When Benjamin Franklin opened the way to an electric world in 1752, he probably never imagined that one day the energy that moved a key attached to the tail of a kite would drive a car. Today’s vehicles can be charged from a household socket. They are more sustainable, have a lower cost per kilometre and deliver the same (or even better) performance.
Alternating current, direct current, combined, EVs can be charged using either a domestic electric network or at a fast charging station. The difference is that domestic current is alternating, while fast charging is direct current. Therefore, different connectors are needed.
“The Mii electric features a combined system that allows for both types of charging. The time needed at home will depend on the contracted power or whether wallboxes are used. When using fast chargers, the charging time can be more than 5 times lower,” said Francesc Sabaté, the Head of Energy System Development at SEAT.
If the car is being charged from a domestic AC network, the electricity first passes through the charger located under the engine, via the charging cable. As this is a high-voltage system, the entire circuit has high safety measures. “The batteries of the Mii electric are continuously checking the parameters of the entire system. If a measurement does not meet the set levels during a check, the system automatically disconnects,” ensured Francesc.
The charger ensures that only direct current reaches the battery, so it transforms the current supplied by the domestic network. If the vehicle is charged with direct current from a fast system, it does not go through this phase and goes directly to the battery.
The current has now reached its destination, the battery. This is not a single unit, but is divided into modules, and these, in turn, into cells. The advantage of this system is that if one of the modules fails, it can be replaced independently without affecting the rest of the battery components.
“In contrast to fuel-burning cars, electric cars consume less in the city and recover energy when braking, which is why the Mii electric has a range of up to 260 km in combined cycle, and up to 360 km when only driven in the city,” explained Santi Castellá, the Head of Electromobility at SEAT.

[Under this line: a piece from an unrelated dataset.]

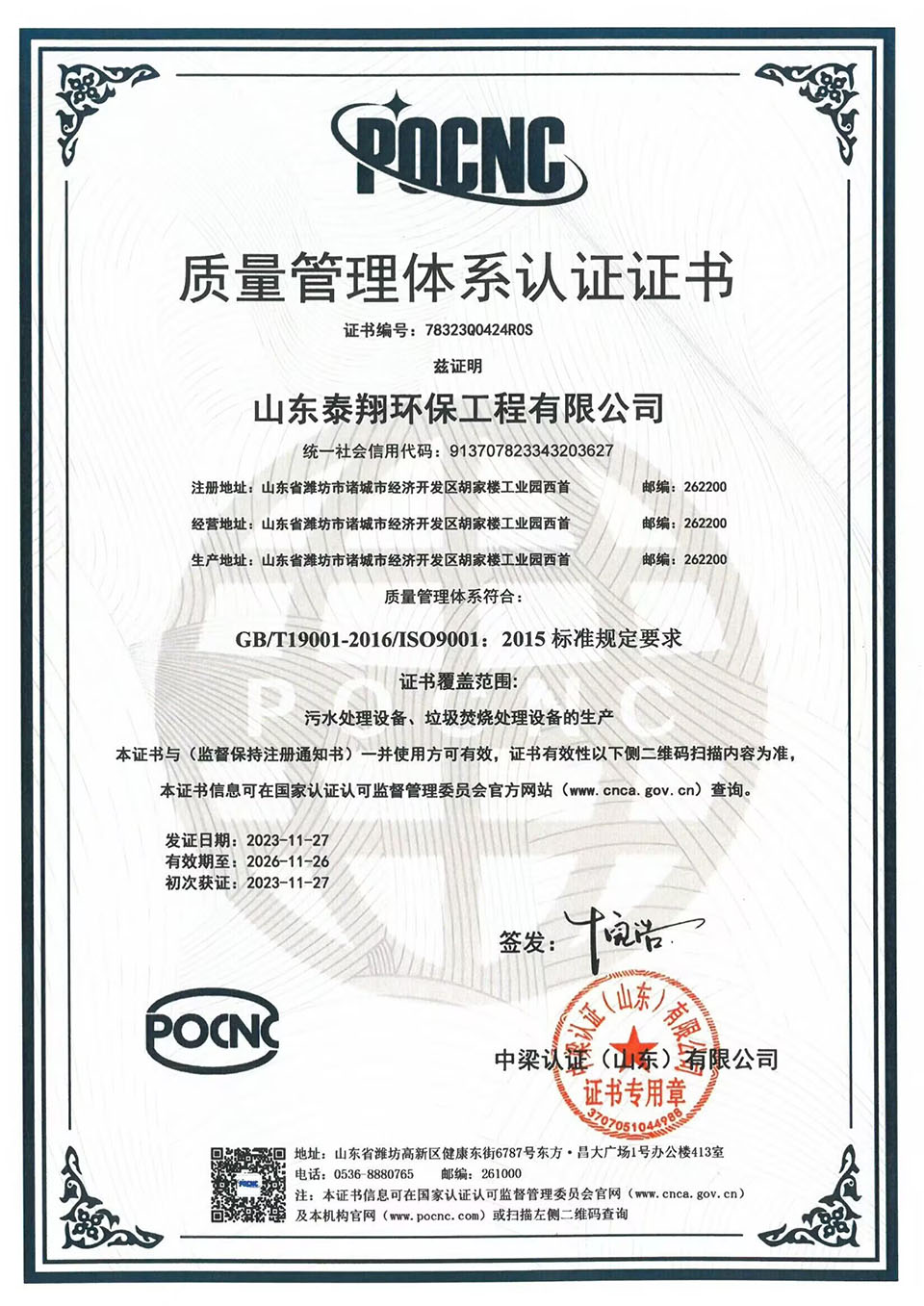 質(zhì)量管理體系認(rèn)證證書

The electric propulsion e-Motor can now be started. Technically, it converts the three-phase voltage into motive power. Once in operation, the same power is maintained over almost the entire load level range. Unlike vehicles equipped with a combustion engine, electric cars deliver full power from the very first moment. On a practical level, and in the case of the Mii electric, it delivers 61 kW (83 hp) of power and 212 Nm of torque, enabling it to accelerate from 0 to 50 km/h in 3.9 seconds.
Today’s new electric models adapt their design to the shape of the batteries, which occupy the lower part of the car. However, when converted to electric, the Mii did not undergo any changes in its structure or interior space, as batteries are manufactured specifically for this model.
The Mii offers a range of up to 260 km (combined cycle) with a peak power of 61 kw. The rechargeable lithium-ion battery is a 14 module unit, each with 12 cells. It is connected to the motor, charger, heating and climate control system compressor. It can charge up to 80% in one hour using 40 kW DC and in four hours using 7.2 kW AC.